Что это — запоздалое прозрение? Нет, просто ловкий логический финт в пользу аргументации тотальной войны. До полного прозрения еще очень далеко, если оно вообще когда-нибудь наступит…
Крюгель в ожидании поезда глядел на вечерний Харьков и думал, что этот угрюмый город всегда почему-то навевает мрачные мысли. Так было в первый приезд сюда, в начале июля, такое ощущение и сейчас, двадцать дней спустя.
Огромный, хаотически разбросанный «город двух холмов» не нравился Крюгелю. Пресловутую славянскую ненависть здесь, казалось, источал каждый камень, каждая окопная глазница многочисленных развалин, не говоря уже о людях, которые так и не научились лояльности жителей «фронтового города», специально выделенного из украинского гебитскомиссариата.
Харьков не раз упоминался в победных реляциях оберкомандовермахта, в патетических обзорах «радиогенерала» Дитмара: именно из этого города начала свой победный рывок на Сталинград шестая армия, здесь трубили фанфары весной сорок второго (изюм-барвенковский котел), и особенно нынешней весной, когда стремительным танковым контрударом Манштейн разгромил «красных» и вернул временно потерянный «ключ Украины».
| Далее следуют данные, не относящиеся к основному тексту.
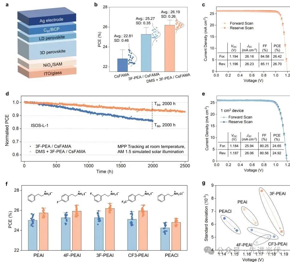 图4 全面评估了光伏器件的性能与稳定性,图a展示了p-i-n型PSCs的器件结构示意图;图b的光伏参数统计表明基于DMS调制异质结的器件获得了26.19%的平均效率,显著高于未处理组,且标准偏差更小,体现了优异的性能重现性;图c的J-V曲线显示冠军器件效率高达26.70%,并获得26.48%的认证效率,其开路电压和填充因子均实现显著提升;图d的长期运行稳定性测试则表明,封装后的DMS调制器件在连续1太阳光照下进行最大功率点跟踪2000小时后仍能保持94%以上的初始效率,远超对照组的86%,凸显了该策略在提升器件工作寿命方面的巨大潜力。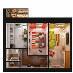- Комнат в квартире: 2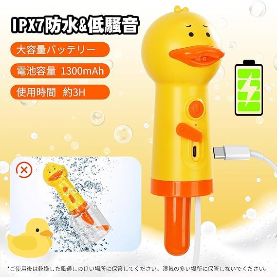 【IPX 7防水&低騒音】カルガモ電動気泡機の防水レベルはIPX 7防水。充電口にはゴム栓が付いており、水蒸気の心配なく浴室で安全に使用できるようになっています。低騒音設計により、ペットが驚きやストレスを受けないようにすることができます。*注意

Наводненный фельджандармерией, это был город, глядевший исподлобья, и, несомненно, — город роковых начинаний для немецкой армии. Более чем красноречиво это подтвердил трагический конец армии Паулюса, уничтоженной в приволжских степях, а совсем недавно — крах операции «Цитадель», исходный трамплин которой был определен Манштейном именно здесь, в Харькове.
И то, что «восточный бастион» падет в ближайшее время, не составляло секрета даже в штабе группы армий «Юг». Там, в Запорожье, в секретной оперативной директиве уже вынесен приговор городу: тотальное минирование (под соусом решающего средства обороны).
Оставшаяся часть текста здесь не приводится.